PHOENIX — Arizona State University President Michael Crow alleges several restaurant-bars near the school’s Tempe campus have violated the safety protocols businesses must abide by to operate amidst the COVID-19 pandemic.

The Arizona Republic reported Sunday that Crow sent a letter to Arizona Department of Health Services Director Dr. Cara Christ and the head of the state Department of Liquor Licenses and Control about the alleged violations by some Mill Avenue eating and drinking establishments.

The letter was accompanied by photos and descriptions of people inside various bars who were not wearing masks or doing social distancing on Sept. 5 and 6, according to the Republic.

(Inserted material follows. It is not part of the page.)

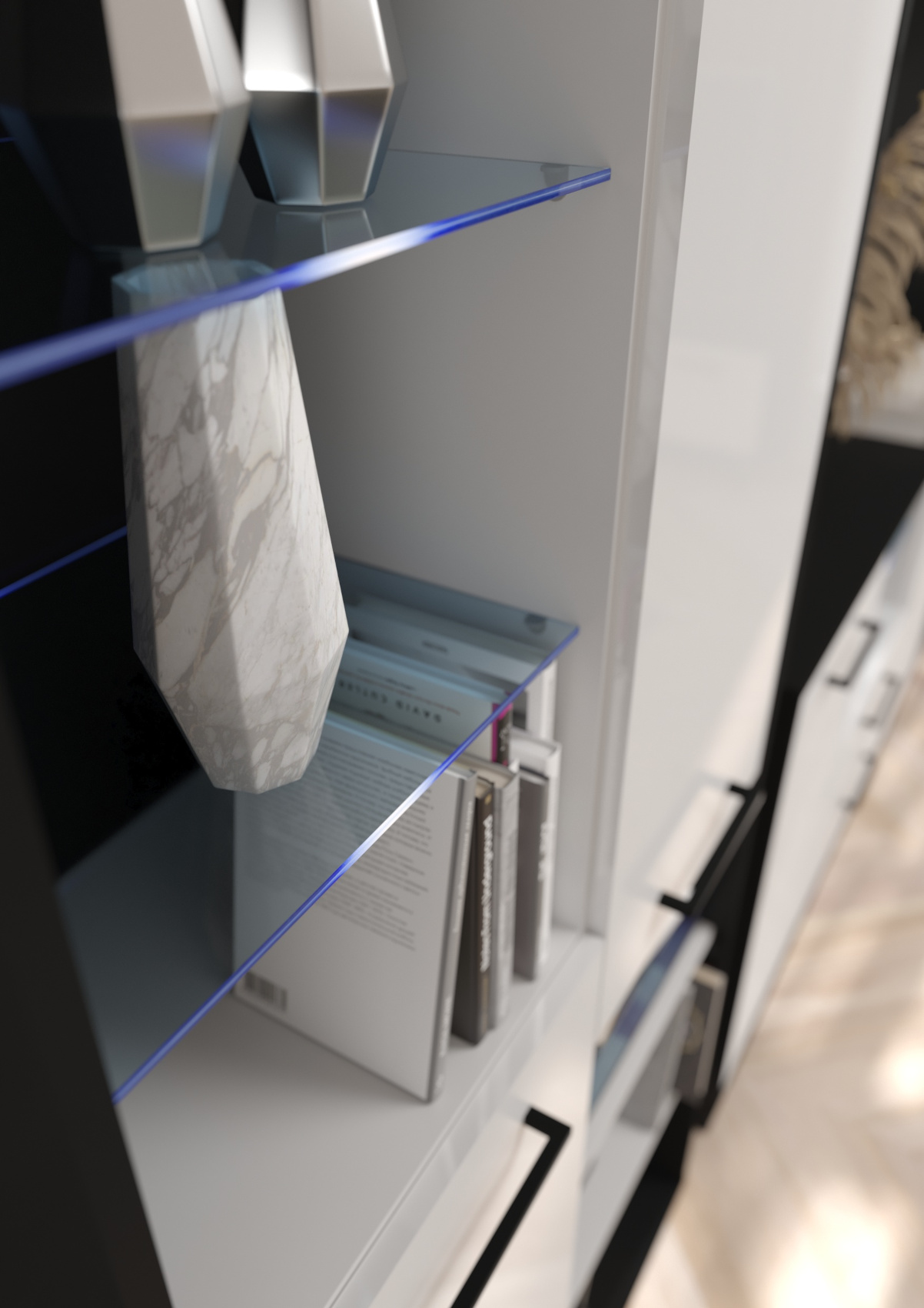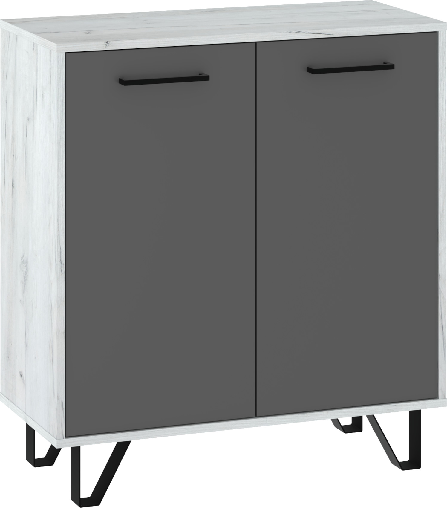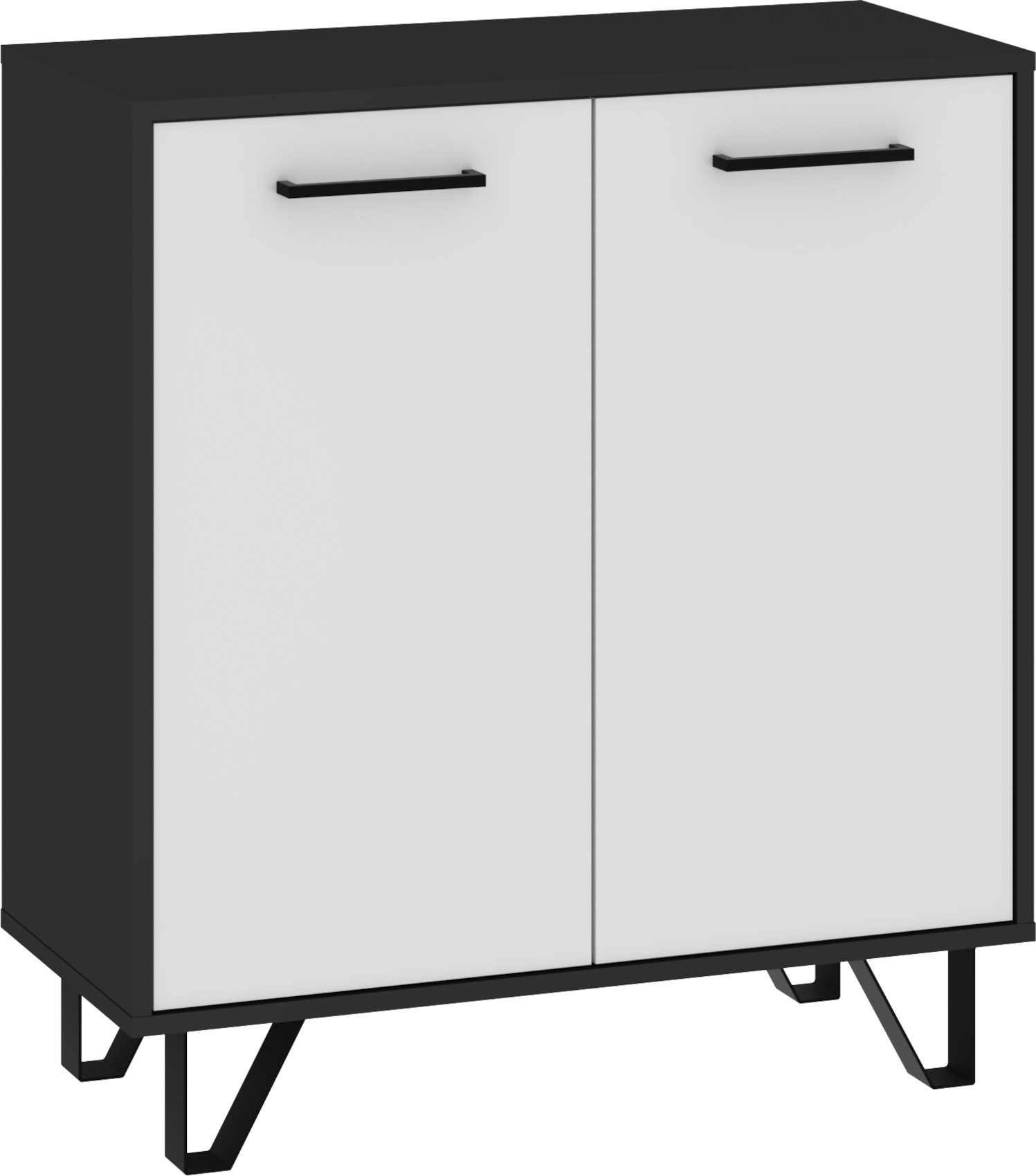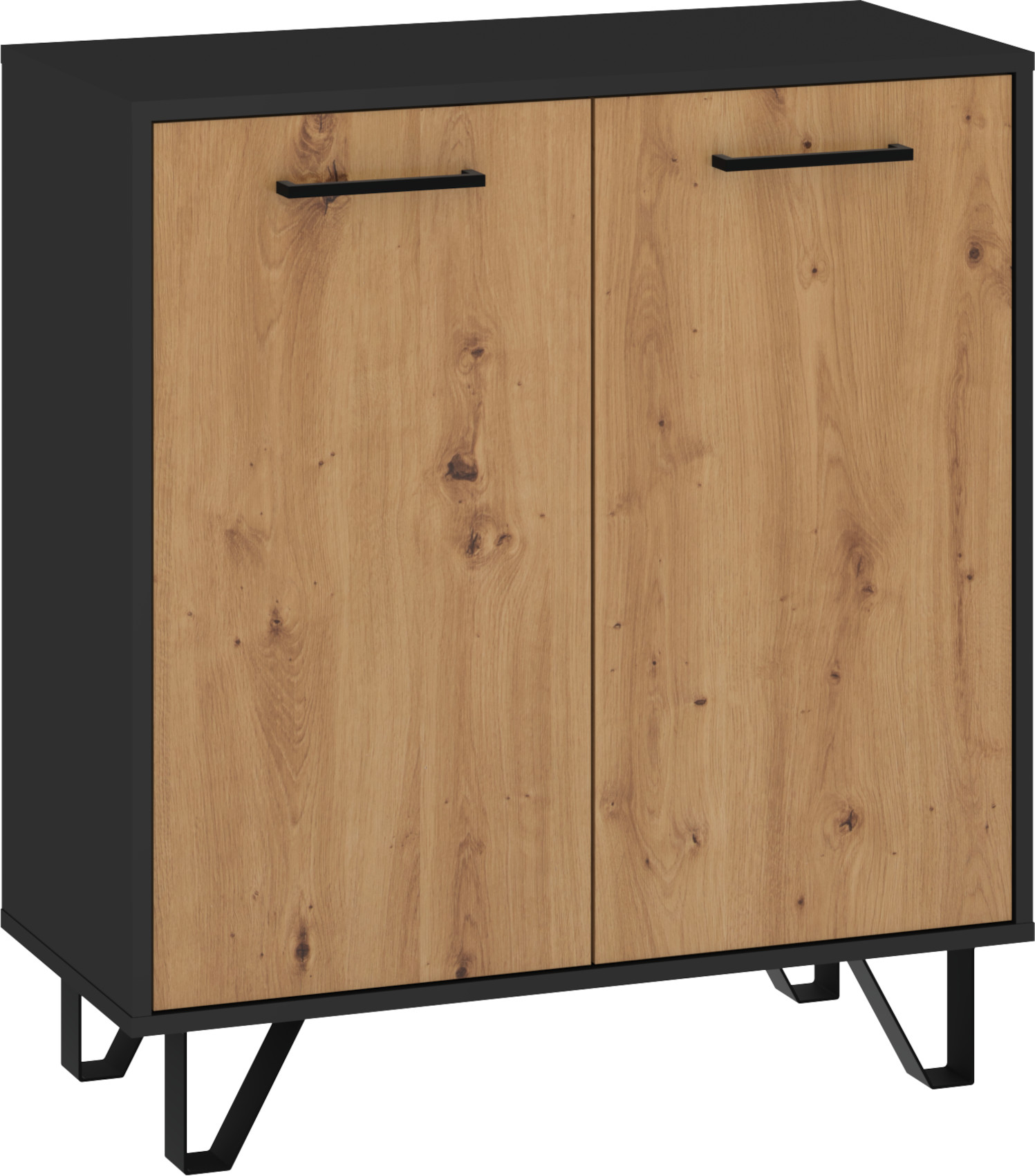 Součástí komody jsou 2 dvířka, za kterými jsou vloženy 2 lakované police.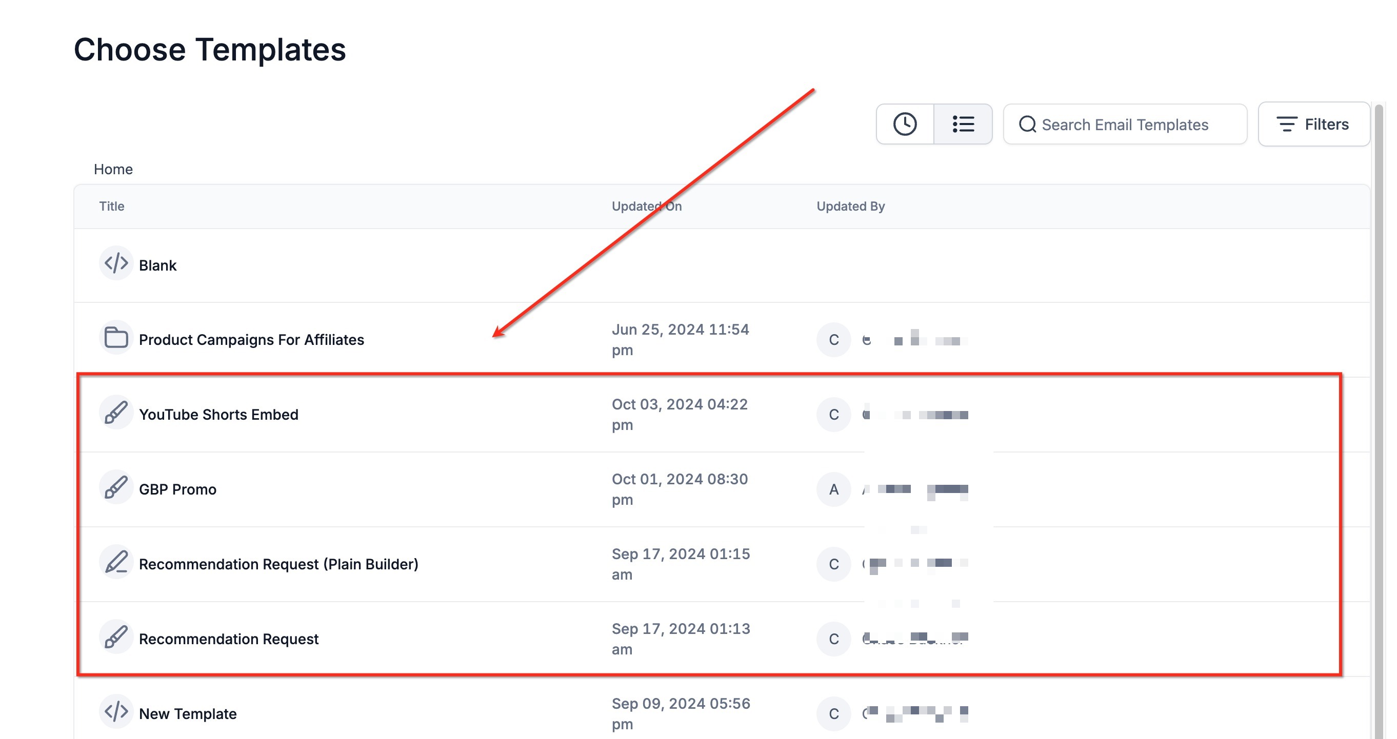 2. The Next Step is to select the Email Template which you would like to create a Marketing Email Campaign.

The alleged violations “represent the kind of undisciplined and risky activity which, if not properly addressed in a timely manner, could worsen COVID-19 spread among the ASU community and in the larger community surrounding the Tempe campus,” the letter said.

According to ADHS guidelines released Aug. 10, bars can only operate as restaurant service dining during the phase that started on Aug. 27, when the county reached a “moderate” spread category COVID-19.

It also requires bars to operate at 50% occupancy, ensure social distancing, require masks for employees and customers not actively eating or drinking, eliminate standing room where customers congregate and prohibit dancing, karaoke and parlor games.

Since the Aug. 27 reopening of some Phoenix-area bars, a few businesses were ordered to shut down after violating coronavirus guidelines.

Arizona Department of Health Services officials on Sunday reported 384 more confirmed coronavirus cases and seven additional deaths amid continued slowing in the coronavirus outbreak in the state.

The additional cases increased the statewide total to 208,512 and the known death toll to 5,322.

COVID-19-related hospitalization metrics reported by the department continued to drop, a trend that began in July after the state became a national hot spot in June.

Johns Hopkins University data analyzed by The Associated Press showed drops in seven-day rolling averages of daily new cases and daily deaths over the past two weeks.

The number of infections is thought to be far higher because many people have not been tested, and studies suggest people can be infected with the virus without feeling sick.

For most people, the coronavirus causes mild or moderate symptoms, such as fever and cough that clear up in two to three weeks. But for some — especially older adults and people with existing health problems — it can cause more severe illness, including pneumonia and death.